Porterweed and Sunflowers...

Porterweed and Sunflowers…

Porterweed – An interesting plant that sends out long bloom spikes with blossoms the hummingbirds and sulphur butterflies adore. I would plant it again for that reason alone! I was also impressed that it never seemed to be bothered by insect pests.

Cuphea llavea, Red bat face cuphea  – You may not have noticed this plant right away, but the hummingbirds sure did! Planted along the front of the sunflowers and under the tithonia, it added a shot of red along the ground. Extremely tough and virtually carefree, it flourished with less than optimal sun, as it eventually  was shaded out by the towering sunflowers. Even so, it was one of the last things removed at the end of October.
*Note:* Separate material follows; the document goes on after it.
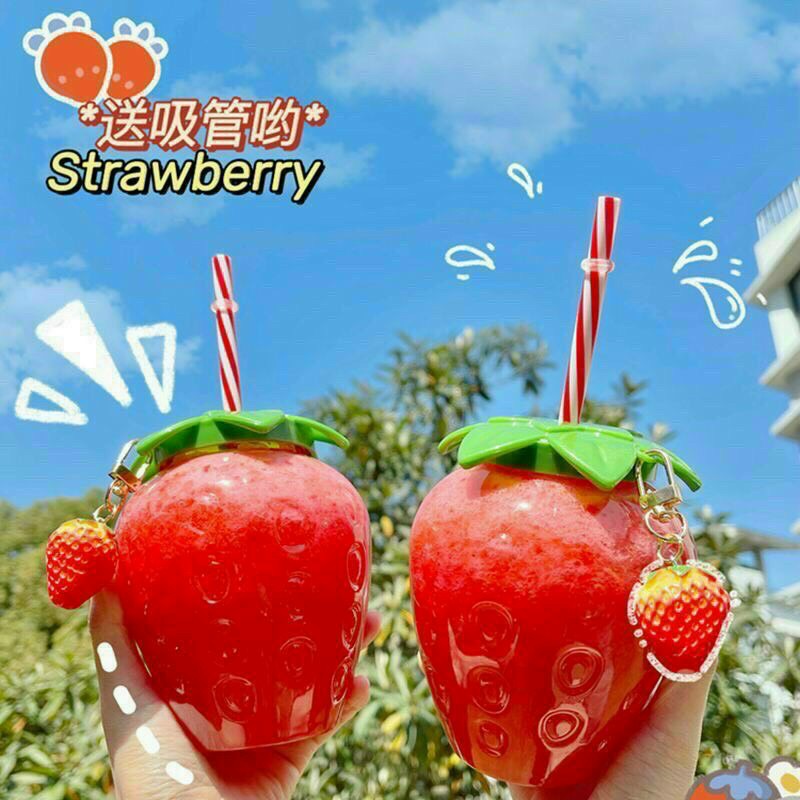 Bình đựng nước quả dâu tây kèm ống hút và móc khoá #binhdungnuoc #dautay #binhnuoc

Cuphea ignea, cigar plant – Another planted for the hummingbirds. This one sports orangey tubular flowers on a rangy plant that I put right in the middle of the zinnias. This post tells you more about this unusual plant.

Hyacinth bean vine, sillouhetted against a blue sky...

Hyacinth bean vine, sillouhetted against a blue sky…

Hyacinth Bean Vine – We started the hyacinth bean vine from seed, planting them all along one side of the front arbor, then waited and waited for it to come up. It finally did, but the leaves were being chewed to pieces and it didn’t look happy at all. Since the garden is pesticide free, the offending leaves were removed and it was given liberal doses of Annie Haven’s Authentic Brand Manure Tea. Gradually it grew stronger, whatever was chewing it moved on, and buds began to form. By September everyone was asking what the beautiful purple flowering vine was.

The back side - Moonvine on the arbor with the red leaf hibiscus on either side...

The back side – Moonvine on the arbor with the red leaf hibiscus on either side…

 

Moon Vine – The moonvine was planted on the back arbor and was the last one we had in stock from spring (They’re easily grown from seed too.). For the longest time, it seemed to be all leaves until buds began to form late in the summer.  Just about the time it threatened to engulf the arbor and everything around it, the fragrant nighttime blooms began to open each evening and were still open each morning.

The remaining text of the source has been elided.